If {opt hc} is used, then, consistent with the literature on
heterogeneous choice, the equations are labeled "choice" and
"variance". If {opt ls} is used, the equations are labeled "location"
and "scale", which is consistent with SPSS PLUM and other published
literature. If neither option is specified, then the
scale/heteroskedasticity equation is labeled "lnsigma", which is
consistent with other Stata programs such as {cmd:hetprob}.
{p 4 8 2} {opt force} can be used to force {cmd:oglm9} to issue
only warning messages in some situations when it would normally give a
fatal error. By default, the dependent variable can have a maximum of
20 categories. A variable with more categories than that is probably
a mistaken entry by the user, e.g. a continuous variable has been
specified rather than an ordinal one. But, if your dependent variable
really is ordinal with more than 20 categories, {opt force} will let
{cmd:oglm9} analyze it (although other practical limitations, such as
small sample sizes within categories, may keep it from coming up with
a final solution.) Obviously, you should only use {opt force} when
you are confident that you are not making a mistake. {opt trustme}
can be used as a synonym for {opt force}.
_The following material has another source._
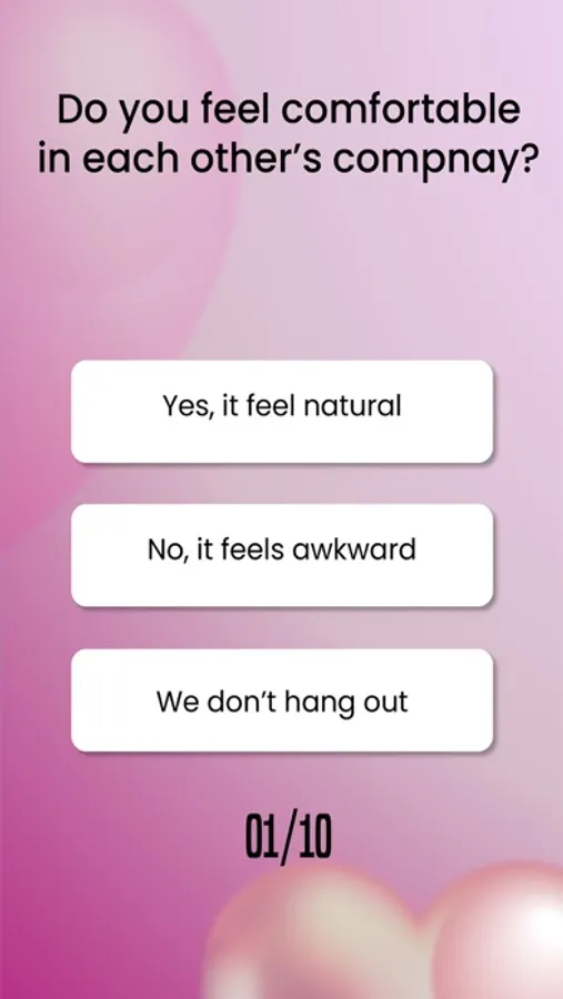 Our special algorithm will compute your love compatibility as a percentage once you respond to 10 questions. You can choose from different love test tests.

{p 4 8 2} {cmd:lrforce} forces Stata to report a Likelihood Ratio
Statistic under certain conditions when it ordinarily would not. Some
types of constraints can make a Likelihood Ratio chi-square test
invalid. Hence, to be safe, Stata reports a Wald statistic whenever
constraints are used. But, for many common sorts of constraints
(e.g. constraining the effects of two variables to be equal) an LR chi-
square statistic is probably appropriate. Note that the {cmd:lrforce} option
will be ignored when robust standard errors are specified either
directly or indirectly, e.g. via use of the {cmd:robust} or {cmd:svy}
options. Use this option with caution.
{p 4 8 2} {cmd:store(}{it:name}{cmd:)} causes the command
{cmd:estimates store {it:name}} to be executed when {cmd:oglm9}
finishes. This is useful for when you wish to estimate a series of
models and want to save the results. See help {help estimates}.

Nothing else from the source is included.